When I told my mother that I wanted to be baptized and join the Adventist Church, she was furious.

Schools in Kyrgyzstan have classes on Saturdays. I wanted to go to church, but I didn’t dare. I asked God for help. I had learned that God wants us to “remember the Sabbath day to keep it holy.” So, I chose not to go to school on Saturdays. I left home as if I were going to school, but instead of entering the building, I walked around the school until classes ended. I didn’t dare go to church because I knew my mother would be even more angry.

But my mother found out that I was skipping school on Saturdays. This time she was even more angry. She said I could not go to the Adventist church again. She took away my cell phone so I could not talk with my friends, and she ordered me to go straight home after school every day.

I was very sad. My mother had always been my best friend, and her anger over my desire to attend church seemed so strange to me. Again, I prayed to God for help.

Then something strange happened in school. My math teacher at the public school started giving me bad grades.

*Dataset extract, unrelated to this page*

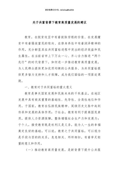 / 【七哥公文】2024年:关于共富背景下教育高质量发展的建议+更多免费公文+VX:QiGeGongWen2024
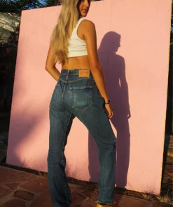 Vintage 501 Levi’s jeans in a dark blue denim.

I’m pretty good at math, and I didn’t understand what was happening. When I failed a math test, I asked another teacher I knew to look at it and tell me what was wrong with my answers. The teacher looked over my paper and said she couldn’t find any mistakes.

Then I realized that some teachers at the public school didn’t like me. There was nothing that my mother or I could do about it. My mother was worried about the teacher’s actions, for Mom wanted me to finish the school year with good grades. So, she sent me to the Adventist school in Tokmok! She also told me that I could go back to church. I was so happy! I knew that the math grades were God’s way of answering my prayers.

More Trouble

One Sabbath, the pastor announced a special camping trip for teenagers. I wanted to go, but the camping trip was only for teens who were baptized or were planning to be baptized. I asked my mother to allow me to go on the camping trip and be baptized. To my surprise, Mother agreed. She said I was old enough to make my own decision.

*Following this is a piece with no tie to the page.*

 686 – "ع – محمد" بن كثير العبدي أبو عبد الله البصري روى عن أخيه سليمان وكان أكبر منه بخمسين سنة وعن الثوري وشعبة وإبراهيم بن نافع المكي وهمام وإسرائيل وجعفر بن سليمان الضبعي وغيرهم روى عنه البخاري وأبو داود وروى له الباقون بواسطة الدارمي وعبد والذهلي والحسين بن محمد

I was so excited! I wanted the world to know that I love Jesus with all my heart. I went on the camping trip and was baptized.

My mother was the only person in my family who was happy with my baptism. My grandparents — especially my grandfather — opposed my decision to join the Adventist Church. He did not understand why I refused to eat pork. I would try to explain that the Bible tells us to not eat any unclean food, and I didn’t want to disobey God.

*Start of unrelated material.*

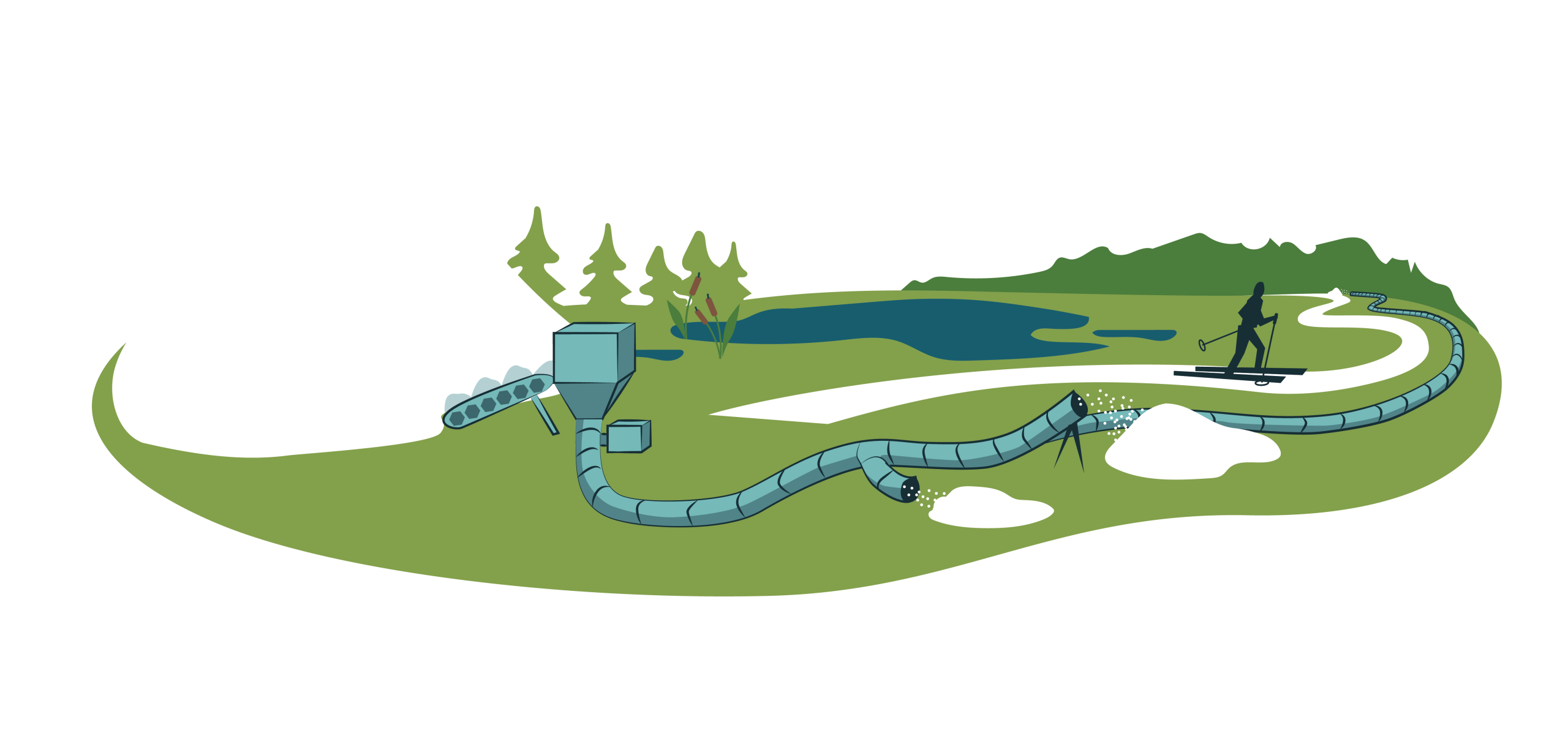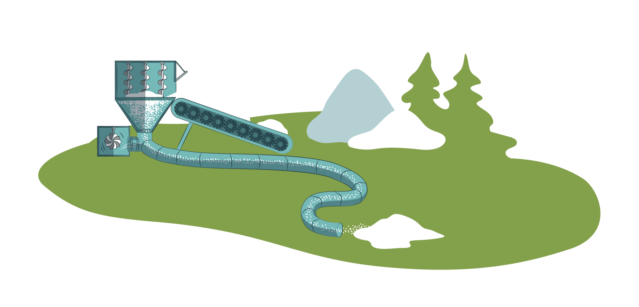 The Snow Pipe system transports snow that is fed into the machine via a conveyor belt and into a crusher. The crusher breaks snow and ice into fine-grained snow, which is then funneled into the transport pipe through a feeder. Inside the pipe, the snow is carried to the desired location in the trails or slopes.

But still my grandparents tried to feed me pork. It made me very uncomfortable. Once when my grandparents invited us over to eat, my mother asked what they were preparing. They said they were making chicken. But when we arrived, we found only pork on the table. When I looked for something else to eat, my grandfather became angry and said, “Eat what we made for you.”

My mother finally told my grandfather, “Look, we are not going to come over again unless you will provide food that Galina can eat.”

Three Prayers

I am praying for my grandfather. He does not believe in God. But I think God is changing his heart. My mother once heard my grandfather talking on to the phone to a friend. He said with pride, “My granddaughter is such a nice girl, and she goes to church.” I hope this means that my grandfather has accepted me as a Christian.

I’m praying for my mother, too. So far, she has not come to church with me, but I can see changes in in her. When I return home from church, she asks me what the sermon was about. She asks a lot of questions about Jesus. My mother tells other people at her work that Saturday is the right day to worship. I can see that God is working in her heart, and I pray for her every day.

And I pray for my church and my school. I am who I am because of the Seventh-day Adventist Church and the Adventist school. Now I am 21, and I am studying to become a teacher to teach others about Jesus, my best Friend.


Part of the Thirteenth Sabbath Offering in fourth quarter 2017 will help Galina’s school, Heritage Christian School, build a gym where children can take physical education classes in the winter. Children who live near the school will be able to come to the gym and learn to play soccer and maybe other sports as part of the school’s outreach program. Please remember this school in your prayers and with your Sabbath School mission offerings.